Two Godots At The International Samuel Beckett Festival

Sean Doran discusses the third year of the festival.

The third year of the Happy Days Enniskillen International Samuel Beckett Festival has captured every aspect of Enniskillen, a town in Northern Ireland, from the church to the hairdresser, according to The New York Times. Spanning ten days, ending on Sunday, August 10, the festival, dedicated to the Nobel Prize-winner writer, is growing in size and success.

Sean Doran first began this festival because he hoped to associate the town with its Portora Royal School alumnus, rather than the Irish Republican Army bomb that took the lives of 11 people at a Remembrance Day service in 1987. This year, the attendance is expected to top last year's 8,000 people, of which 31% were from outside Northern Ireland.
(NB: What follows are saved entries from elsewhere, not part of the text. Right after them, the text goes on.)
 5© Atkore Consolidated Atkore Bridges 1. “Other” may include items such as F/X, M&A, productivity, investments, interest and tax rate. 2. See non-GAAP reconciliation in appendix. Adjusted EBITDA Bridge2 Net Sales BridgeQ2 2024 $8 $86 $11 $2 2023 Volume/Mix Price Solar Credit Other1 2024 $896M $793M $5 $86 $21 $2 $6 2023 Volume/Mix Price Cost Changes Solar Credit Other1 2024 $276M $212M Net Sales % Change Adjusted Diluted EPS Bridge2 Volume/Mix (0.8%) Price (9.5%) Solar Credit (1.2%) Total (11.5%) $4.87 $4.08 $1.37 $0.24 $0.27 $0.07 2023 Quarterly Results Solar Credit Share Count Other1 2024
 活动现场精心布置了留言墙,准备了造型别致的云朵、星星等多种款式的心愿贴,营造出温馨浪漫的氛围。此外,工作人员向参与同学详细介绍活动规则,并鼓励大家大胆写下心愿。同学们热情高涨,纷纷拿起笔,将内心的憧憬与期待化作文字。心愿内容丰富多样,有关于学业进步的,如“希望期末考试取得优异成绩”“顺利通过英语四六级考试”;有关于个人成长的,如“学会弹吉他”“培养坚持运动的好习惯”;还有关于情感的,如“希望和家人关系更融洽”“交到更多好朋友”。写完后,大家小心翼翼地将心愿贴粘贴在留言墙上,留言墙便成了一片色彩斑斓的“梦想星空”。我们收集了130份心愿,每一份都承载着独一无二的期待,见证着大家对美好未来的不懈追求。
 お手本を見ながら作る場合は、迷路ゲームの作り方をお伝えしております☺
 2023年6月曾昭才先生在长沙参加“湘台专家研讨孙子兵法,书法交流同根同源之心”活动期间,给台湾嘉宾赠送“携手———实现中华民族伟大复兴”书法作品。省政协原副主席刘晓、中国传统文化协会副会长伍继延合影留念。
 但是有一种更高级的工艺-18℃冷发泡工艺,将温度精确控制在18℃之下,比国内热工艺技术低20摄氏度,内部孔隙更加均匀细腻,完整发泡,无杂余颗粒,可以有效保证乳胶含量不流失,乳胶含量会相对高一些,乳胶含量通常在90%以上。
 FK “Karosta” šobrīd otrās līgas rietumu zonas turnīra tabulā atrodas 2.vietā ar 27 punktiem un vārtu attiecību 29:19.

Beckett has so much varying work that the festival finds it difficult to program it all. Despite Beckett's precise stage directions, the French and Yiddish productions of the same play, Waiting for Godot, were surprisingly different. The French version worked in the act of performance as a subject and featured performers in clown-like makeup. Meanwhile, the Yiddish production focused on an emotional reading of the play, reflecting the "playwright’s own experiences in the French resistance, his awareness of the Holocaust and subsequent post-war exile and dispossession," according to The New York Times.